Tidyman had explained their jog to the east. According to him the Siwans were an inquisitive, curious bunch and the ride toward Bahariya Oasis was a ruse for their benefit. There was also the slim chance that they would be spotted by a National Border Police overflight, although Tidyman thought it was unlikely; the light-plane pilots they used were terrified of being shot down by Libyan fighter jets and even their own air force.
After half an hour Tidyman slowed the vehicle, then reached over and dragged down a blackknobbed stick beside the shift lever.
“What’s that?” Rafi asked as there was an odd lurch.

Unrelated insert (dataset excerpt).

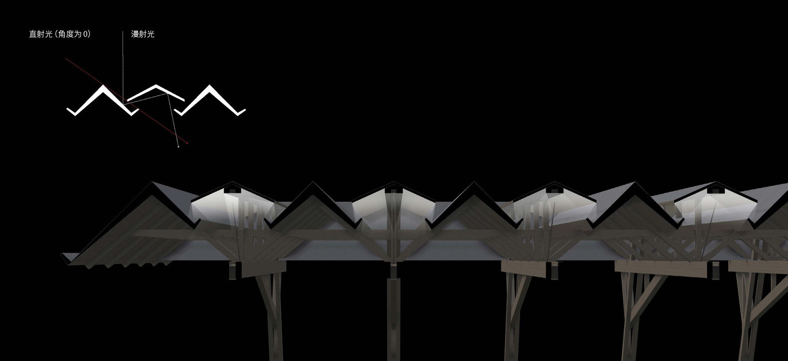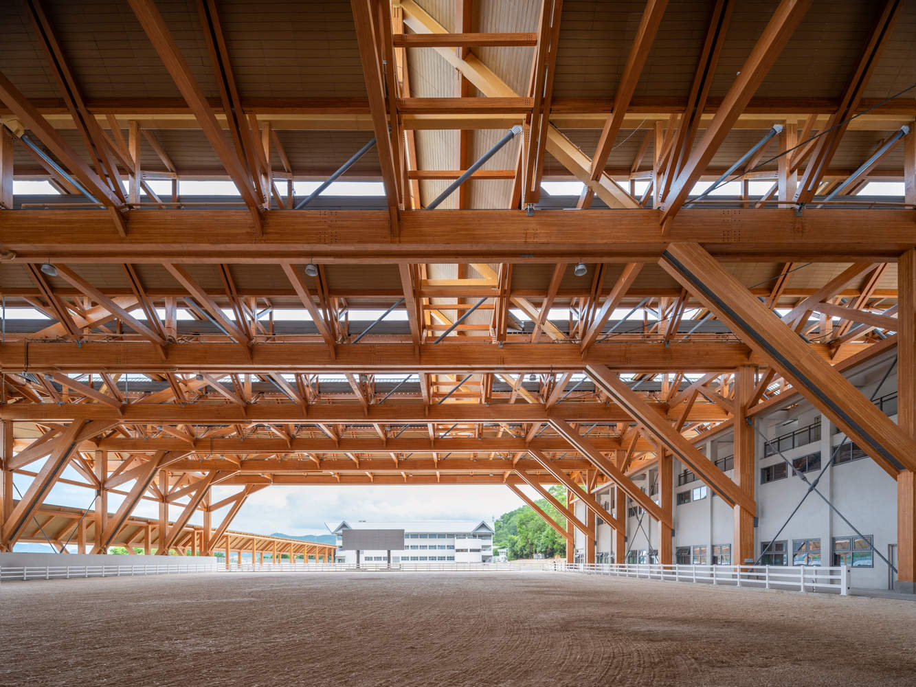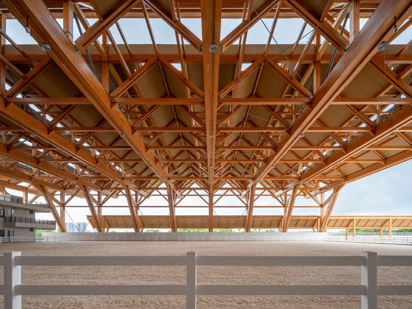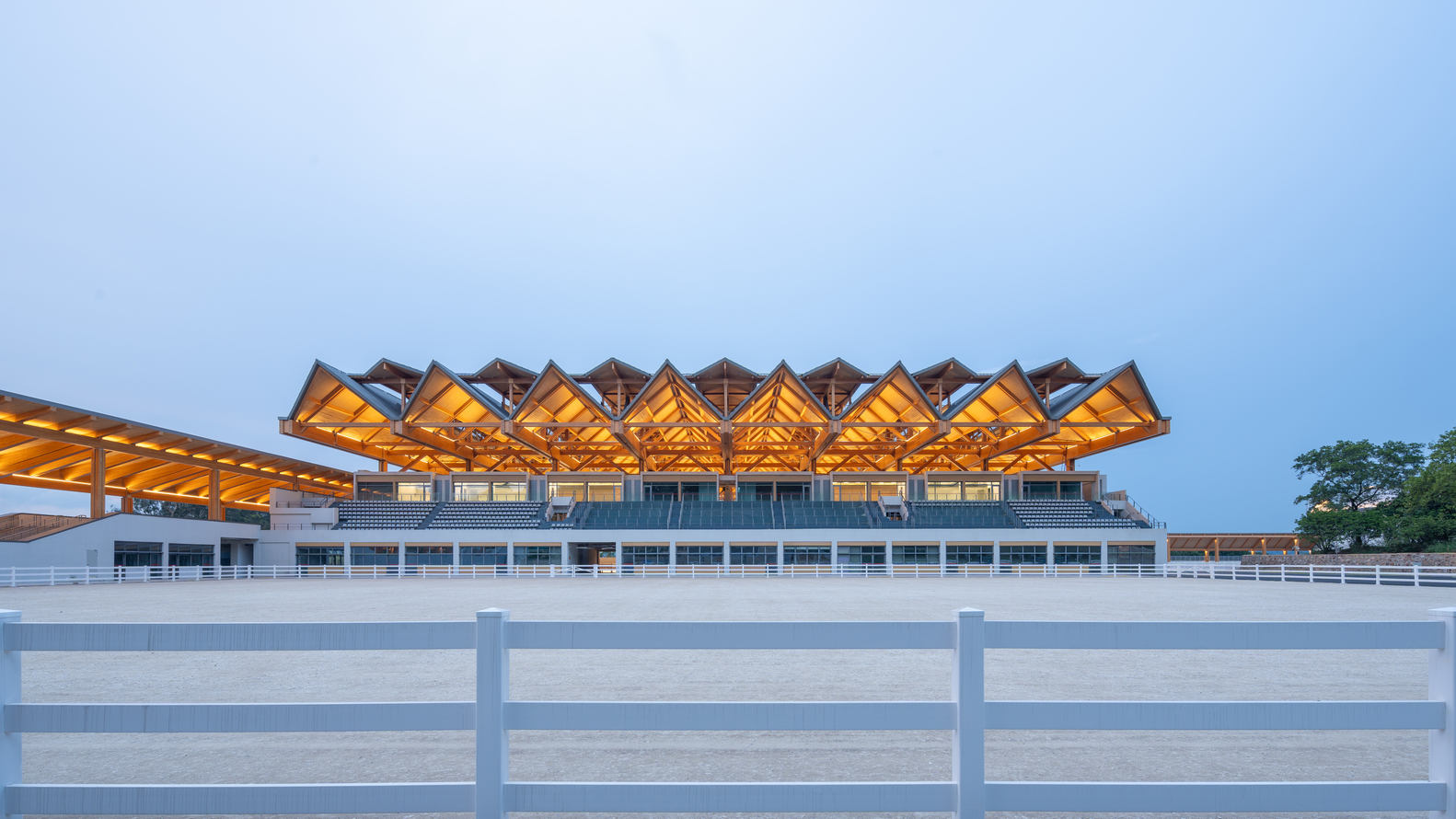 建筑造型与结构一体化,实现了室内外之间的透明性和互动性。连续的轻盈界面强化了建筑飞檐凌空的地域性文化特征,使建筑在大体量的基础上,仍具有漂浮感。一种透明的互动关系,众檐之下,山与风,光与影,人与马,共生共感,自然与共。

The engine note changed as well.
“Just like it says on the sign,” answered Tidyman.
“ ‘Pri vjezdu voziola do terenu zapni predni nahon’—‘
When going off-road engage four-wheel drive.’ ”
“You speak Czech?” Holliday asked, impressed.
“Just enough to drive a Goat,” their companion said and laughed. “A necessity in some of the places I’ve fought. A colleague who called himself Švejka taught me. A good soldier, Švejka.”
“What happened to him, or should I ask?” Holliday said.